Nickel's recent run has been attributed to a supply shortfall in stainless steel, along with short-covering from commodity funds misreading the strength in the first place. However, traders note that Russia typically ships a lot of nickel from its Siberian port before seasonally flooding in the summer, so expectations are for a sudden pick-up in supply these next few weeks.

Oil began the session in a positive mood, again on the Chinese data. But news of a bigger than expected jump in refinery utilisation (meaning increasing gasoline supply) and another increase in natural gas inventories (sending natgas down 5%) dampened enthusiasm. Oil closed up US2c at US$86.75/bbl.

The SPI Overnight was down 4 points.

I have noted in this Report previously that there is a brick wall of resistance for the ASX 200 at 5000. While the S&P 500 is managing so far to hold above its equivalent 1200 break-down mark, yesterday's local trade reinforced that a bit of work has to be done before 5000 can be breached in earnest. There may be the occasional raiding party sneaking past defences, but apparent profit-taking yesterday is evidence a clear new leg up will require a bit more fundamental incentive.

The US reporting season is clearly a swing factor here. After the bell last night Google reported earnings of US$6.76 per share and revenue of US$5.06bn against expectation of US$6.60 and US$4.95bn. But the apparently strong result did not inspire investors and Google shares are down 5% in the after-market.
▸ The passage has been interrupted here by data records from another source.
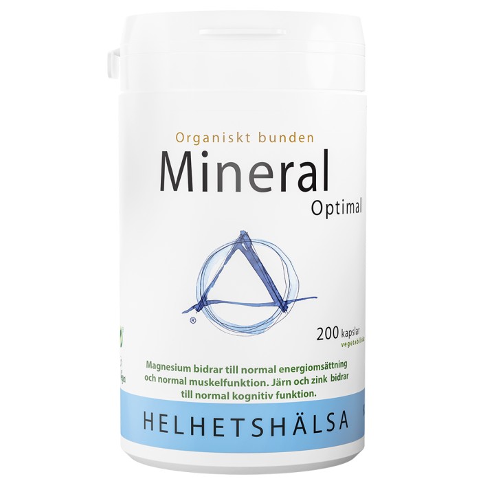 Helhetshälsa MineralOptimal innehåller magnesium som bidrar till normal energiomsättning och till att minska trötthet och utmattning. Magnesium bidrar också till normal muskelfunktion och till nervsystemets normala funktion.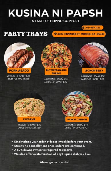 搜索关键词 Filipino food Merced, Filipino cuisine delivery, Fresh Filipino food, Free delivery food, Merced CA restaurants, Asian cuisine delivery, Filipino takeout, Filipino food near me, Filipino catering Merced, Filipino food bank transfer优势 Freshly cooked daily,Free delivery for 3+ orders,Multiple payment options,Pick-up available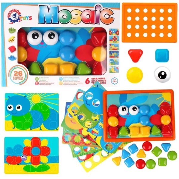 Zestaw "Mozaika TechnoK" to kreatywna zabawka dla dzieci, która pozwala na rozwijanie wyobraźni i umiejętności manualnych. W skład zestawu wchodzi łącznie 32 elementy, w tym 26 guzików oraz 6 specjalnych szablonów.

Aside from “sell the fact” profit-taking after a previously strong run in Google shares, the result showed a drop in prices paid per ad on Google which was not a positive sign.

Chip-maker Advanced Micro Devices posted an earnings per share gain of US9c on revenue of US$1.57bn against expectation of a US7c loss on revenue of US$1.54bn. But its shares are also down 5% in the after-market, with uninspiring guidance this time to blame. Wall Street had piled into AMD following the stellar result from rival Intel earlier this week.

Tonight in the US sees results for Dow components Bank of America and General Electric. Housing starts and consumer confidence data will also be of interest.